Now lets define a ObjectInstance for locations. Our location object will also be marked by an x and y position, as well as a type, so that we could have locations of different types. To implement this class, we will simply extend our ExGridAgent, add a type data type, and modify the methods to return a different class, handle the new type key, and return copies of the ExGridLocation instance instead of ExGridAgent in the copy methods.

import burlap.mdp.core.oo.state.ObjectInstance;
import burlap.mdp.core.state.MutableState;
import burlap.mdp.core.state.StateUtilities;

import java.util.Arrays;
import java.util.List;

import static edu.brown.cs.burlap.tutorials.domain.oo.ExampleOOGridWorld.*;

public class EXGridLocation extends ExGridAgent{

	public int type;

	private final static List<Object> keys = Arrays.<Object>asList(VAR_X, VAR_Y, VAR_TYPE);

	public EXGridLocation() {
	}

	public EXGridLocation(int x, int y, String name) {
		super(x, y, name);
	}

	public EXGridLocation(int x, int y, int type, String name) {
		super(x, y, name);
		this.type = type;
	}


	@Override
	public List<Object> variableKeys() {
		return keys;
	}

	@Override
	public Object get(Object variableKey) {
		if(variableKey.equals(VAR_TYPE)){
			return this.type;
		}
		return super.get(variableKey);
	}

	@Override
	public MutableState set(Object variableKey, Object value) {
		if(variableKey.equals(VAR_TYPE)){
			this.type = StateUtilities.stringOrNumber(value).intValue();
		}
		else{
			super.set(variableKey, value);
		}
		return this;

	}

	@Override
	public String className() {
		return CLASS_LOCATION;
	}

	@Override
	public ObjectInstance copyWithName(String objectName) {
		return new EXGridLocation(x, y, type, objectName);
	}

	@Override
	public EXGridLocation copy() {
		return new EXGridLocation(x, y, type, name);
	}
}
				

So far we've defined the ObjectInstances for our State, but we haven't define the OOState that will be made up of these ObjectInstances. However, for this tutorial we will be making use of BURLAP's provided GenericOOState implementation, so at this point we're done with the explicit state definition code. However, we will now add a propositional function to our domain that evaluates whether the agent object is at a location, indicated by their x and y location being the same. Add the following code to the ExampleOOGridWorld class.

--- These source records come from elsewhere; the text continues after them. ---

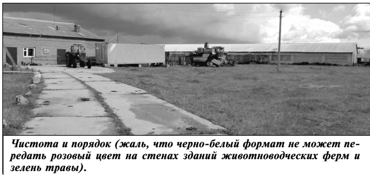
Чистота и порядок (жаль, что черно-белый формат не может передать розовый цвет на стенах зданий животноводческих ферм и зелень травы).

Конечно, сегодня у тружеников сельского хозяйства тоже немало проблем: высокие цены на топливо, технику и т.д., но работа продолжается. Отмечу, что на строительство убойного цеха ООО «Агрофирма «Шанский Завод»
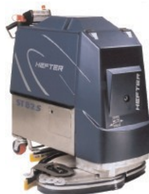
ST82 S VARIOTECH®

Tel.: +49 (0 80 51) 686-0 Tel.: +49 (0 80 51) 686-179 E-Mail: cleantech@hefter.de www.hefter.de
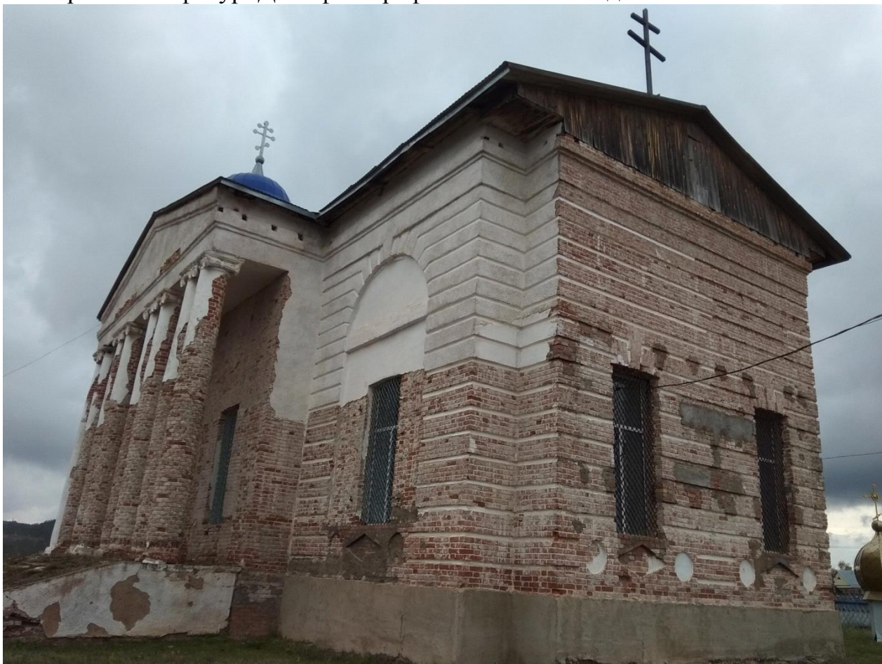
Фото 6. Фрагмент южного фасада и восточный фасад. Сохранившаяся историческая штукатурка. Симметричная относительно продольной оси композиция, складывающаяся из простых геометрических объемов; крыльцо южного фасада церкви; восьмиколонный портик южного фасада церкви; ионические колонны с неполным антаблементом и треугольным фронтоном восьмиколонного портика южного фасада церкви; месторасположение, форма и габариты прямоугольных оконных проемов южного и восточного фасадов церкви; узорные ниши из геометрических фигур. Дата фотографии 27.09.2018 года.

Фото 5. Восточный фасад. Месторасположение, форма и габариты прямоугольных оконных проемов восточного фасада церкви; узорные ниши из геометрических фигур. Дата фотографии 27.09.2018 года.

protected class AtLocation extends PropositionalFunction {

	public AtLocation(){
		super(PF_AT, new String []{CLASS_AGENT, CLASS_LOCATION});
	}

	@Override
	public boolean isTrue(OOState s, String... params) {
		ObjectInstance agent = s.object(params[0]);
		ObjectInstance location = s.object(params[1]);

		int ax = (Integer)agent.get(VAR_X);
		int ay = (Integer)agent.get(VAR_Y);

		int lx = (Integer)location.get(VAR_X);
		int ly = (Integer)location.get(VAR_Y);

		return ax == lx && ay == ly;

	}
	
}
				

The constructor we added calls the super constructor that will define the PropositionalFunction's signature: that is, its name (the PF_AT constant), and OO-MDP classes to which its parameters must belong. In this case, our "at" propositional function will operate on an agent object and a location object, so we provided parameters with those types.

The isTrue method takes as input a OOState to evaluate, and the names of the objects on which to evaluate the function in the variable length String argument params. The first step is to get the agent and location ObjectInstances from the state for the parameters provided to function. Because we defined the function to operate on two parameters, an agent and then a location, we know the params argument passed to the isTrue method has two elements. Then we get the agent and location ObjectInstance by by using the OOState method object on the first and second elements of the params argument. Next, we get the x and y values for each of the objects using the standard State get method, and then check if the agent and location positions are equal to determine whether the agent is at the location.

Lets also add a method to our ExampleOOGridWorld class to generate a list of all our propositional functions. In this case we only have one, but this is often a useful method to include.

public List<PropositionalFunction> generatePfs(){
	return Arrays.<PropositionalFunction>asList(new AtLocation());
}
				

We are now finished defining the OO-MDP state information and next will implement the grid world model.